[INPUT MATERIAL]

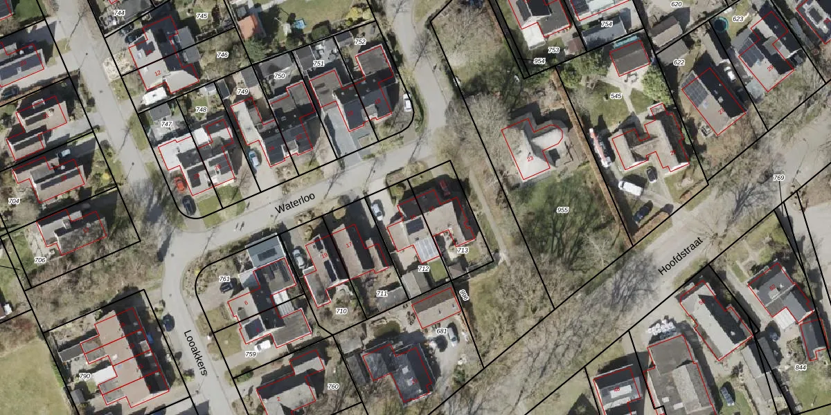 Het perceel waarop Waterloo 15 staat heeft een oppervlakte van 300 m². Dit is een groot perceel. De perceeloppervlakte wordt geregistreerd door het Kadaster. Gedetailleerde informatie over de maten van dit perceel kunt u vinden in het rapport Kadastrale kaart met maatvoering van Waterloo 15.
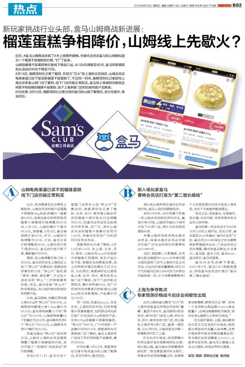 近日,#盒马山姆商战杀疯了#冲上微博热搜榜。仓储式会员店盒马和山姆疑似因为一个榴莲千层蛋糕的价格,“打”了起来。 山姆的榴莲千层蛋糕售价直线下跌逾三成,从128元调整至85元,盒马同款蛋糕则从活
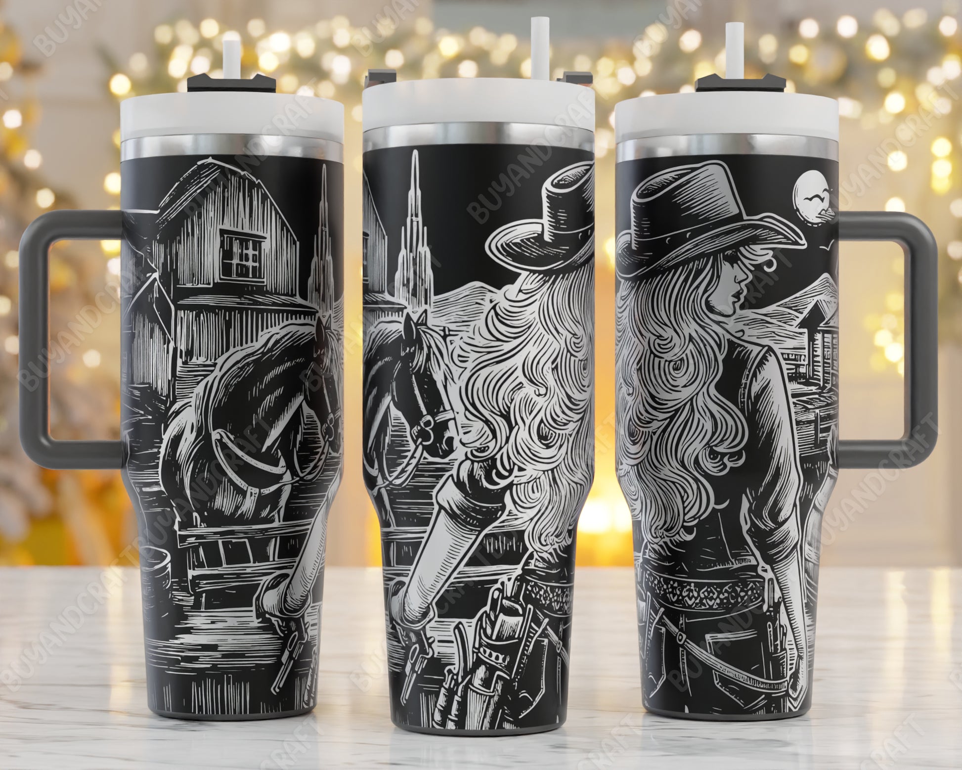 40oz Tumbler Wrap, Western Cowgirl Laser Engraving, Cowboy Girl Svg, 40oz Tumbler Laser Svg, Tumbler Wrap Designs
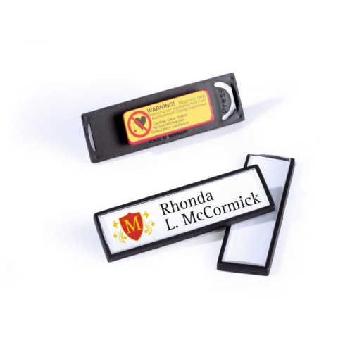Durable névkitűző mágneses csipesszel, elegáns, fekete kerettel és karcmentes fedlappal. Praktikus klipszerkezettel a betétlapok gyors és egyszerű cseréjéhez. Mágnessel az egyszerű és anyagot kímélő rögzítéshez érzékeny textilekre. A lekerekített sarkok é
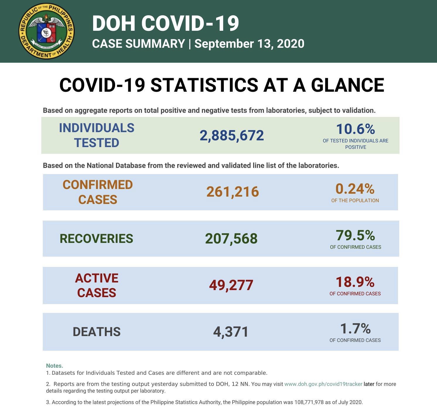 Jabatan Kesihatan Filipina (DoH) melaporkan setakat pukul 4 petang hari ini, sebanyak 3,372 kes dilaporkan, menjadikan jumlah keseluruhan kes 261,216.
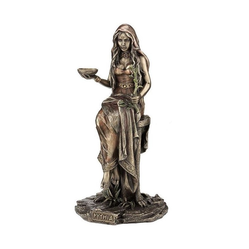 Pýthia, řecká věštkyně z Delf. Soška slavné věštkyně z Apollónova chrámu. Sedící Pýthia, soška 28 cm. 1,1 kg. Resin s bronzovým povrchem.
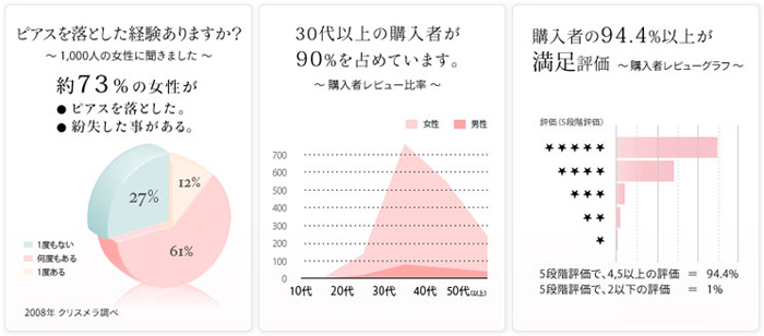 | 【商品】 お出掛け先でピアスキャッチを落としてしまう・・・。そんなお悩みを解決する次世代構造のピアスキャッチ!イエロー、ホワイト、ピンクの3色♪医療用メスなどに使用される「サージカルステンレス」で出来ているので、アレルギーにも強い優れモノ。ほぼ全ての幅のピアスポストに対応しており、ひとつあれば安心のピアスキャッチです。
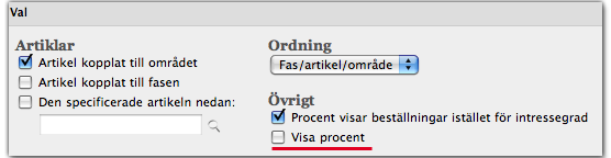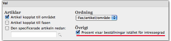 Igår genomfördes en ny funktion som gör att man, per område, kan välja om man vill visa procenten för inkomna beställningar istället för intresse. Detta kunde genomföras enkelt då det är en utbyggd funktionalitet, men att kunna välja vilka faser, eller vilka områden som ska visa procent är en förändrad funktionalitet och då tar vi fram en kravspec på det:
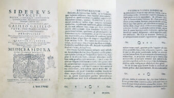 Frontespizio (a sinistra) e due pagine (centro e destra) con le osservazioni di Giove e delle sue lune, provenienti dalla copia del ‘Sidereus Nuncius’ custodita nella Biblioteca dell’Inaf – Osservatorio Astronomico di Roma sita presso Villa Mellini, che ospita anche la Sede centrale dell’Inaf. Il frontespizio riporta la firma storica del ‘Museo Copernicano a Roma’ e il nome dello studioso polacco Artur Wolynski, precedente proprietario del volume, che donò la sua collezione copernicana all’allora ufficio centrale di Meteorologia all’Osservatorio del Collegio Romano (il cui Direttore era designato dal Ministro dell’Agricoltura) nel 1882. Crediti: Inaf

[/INPUT MATERIAL]
[INPUT MATERIAL]

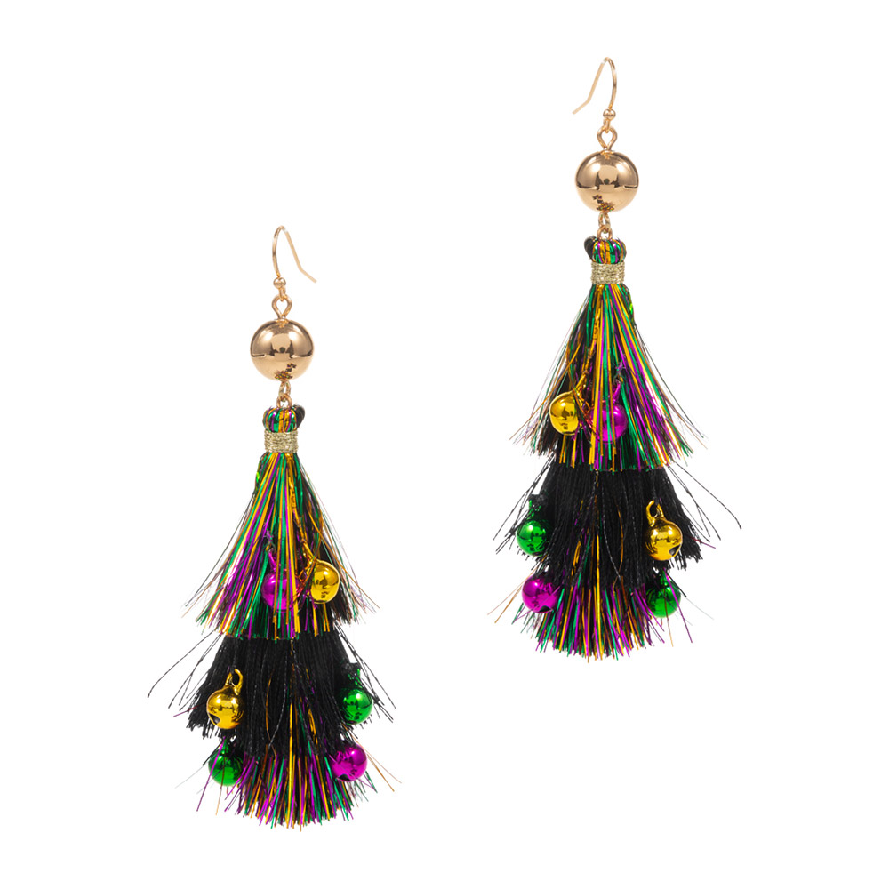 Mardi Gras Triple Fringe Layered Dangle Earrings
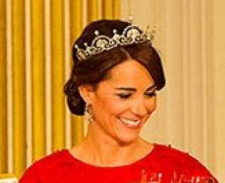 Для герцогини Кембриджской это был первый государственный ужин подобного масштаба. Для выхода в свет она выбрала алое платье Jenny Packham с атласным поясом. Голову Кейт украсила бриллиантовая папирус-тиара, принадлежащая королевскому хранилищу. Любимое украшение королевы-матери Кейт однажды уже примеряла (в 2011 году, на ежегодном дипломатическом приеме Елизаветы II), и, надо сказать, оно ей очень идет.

[/INPUT MATERIAL]
[INPUT MATERIAL]

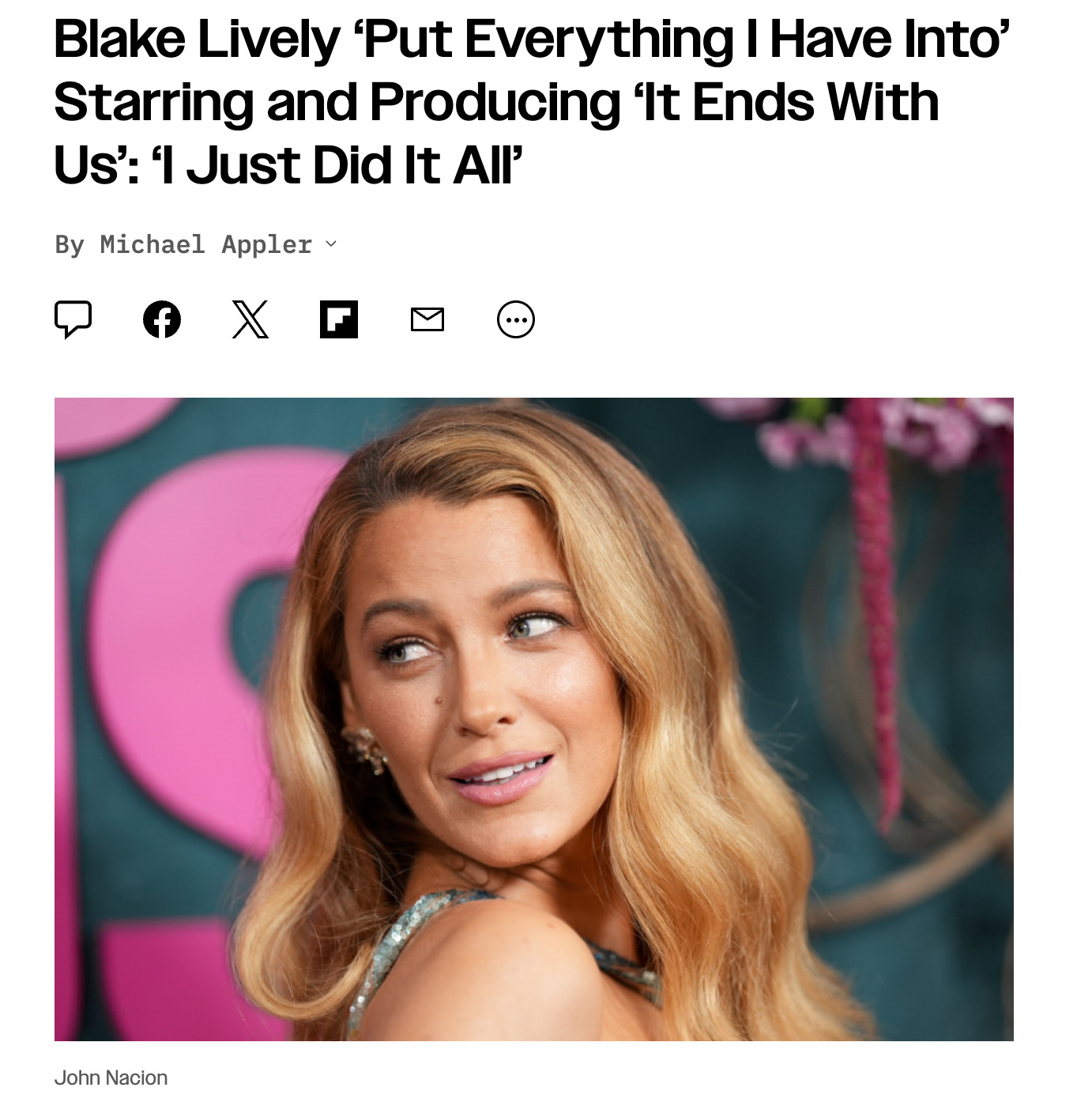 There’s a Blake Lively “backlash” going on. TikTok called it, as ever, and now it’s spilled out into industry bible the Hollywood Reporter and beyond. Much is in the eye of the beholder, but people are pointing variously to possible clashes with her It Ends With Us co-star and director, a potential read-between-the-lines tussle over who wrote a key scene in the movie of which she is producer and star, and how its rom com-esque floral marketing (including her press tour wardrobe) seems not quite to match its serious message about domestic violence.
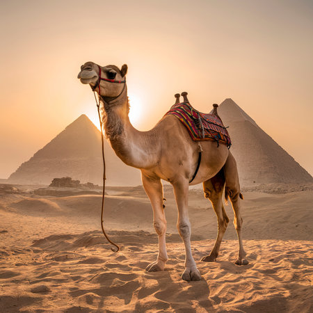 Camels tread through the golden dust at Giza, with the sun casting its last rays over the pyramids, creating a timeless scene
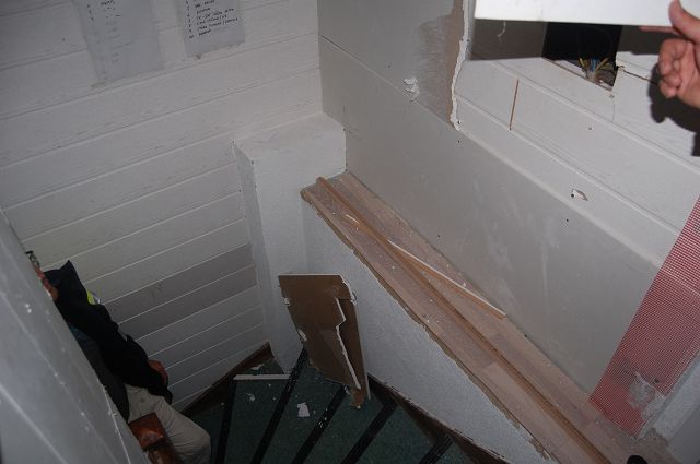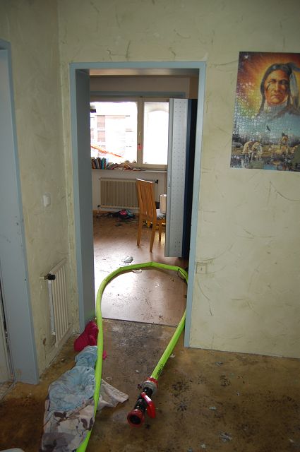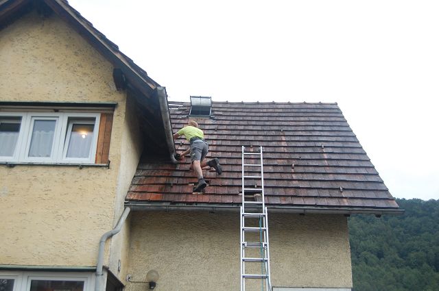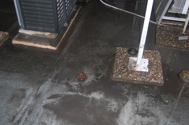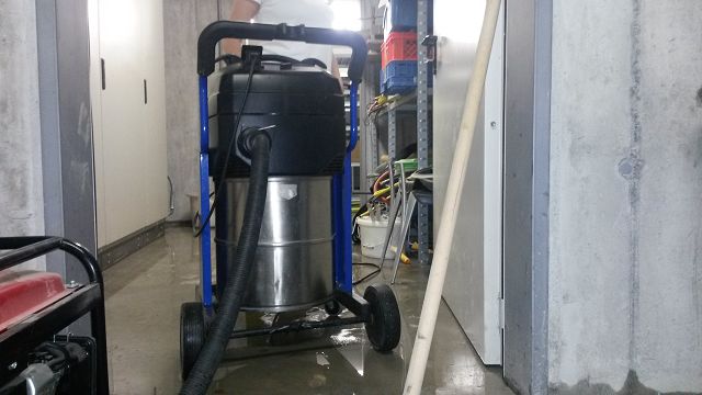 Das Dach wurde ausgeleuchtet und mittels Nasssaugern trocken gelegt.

[/INPUT MATERIAL]

### YOUR ASSIGNMENT
Give the lines above again exactly, from the one containing "Jabatan Kesihatan Filipina" to the one containing "Igår genomfördes en", both included, but leave out the pictures.

### RESPONSE BELOW
 Jabatan Kesihatan Filipina (DoH) melaporkan setakat pukul 4 petang hari ini, sebanyak 3,372 kes dilaporkan, menjadikan jumlah keseluruhan kes 261,216.
 Pýthia, řecká věštkyně z Delf. Soška slavné věštkyně z Apollónova chrámu. Sedící Pýthia, soška 28 cm. 1,1 kg. Resin s bronzovým povrchem.
 | 【商品】 お出掛け先でピアスキャッチを落としてしまう・・・。そんなお悩みを解決する次世代構造のピアスキャッチ!イエロー、ホワイト、ピンクの3色♪医療用メスなどに使用される「サージカルステンレス」で出来ているので、アレルギーにも強い優れモノ。ほぼ全ての幅のピアスポストに対応しており、ひとつあれば安心のピアスキャッチです。
 Igår genomfördes en ny funktion som gör att man, per område, kan välja om man vill visa procenten för inkomna beställningar istället för intresse. Detta kunde genomföras enkelt då det är en utbyggd funktionalitet, men att kunna välja vilka faser, eller vilka områden som ska visa procent är en förändrad funktionalitet och då tar vi fram en kravspec på det:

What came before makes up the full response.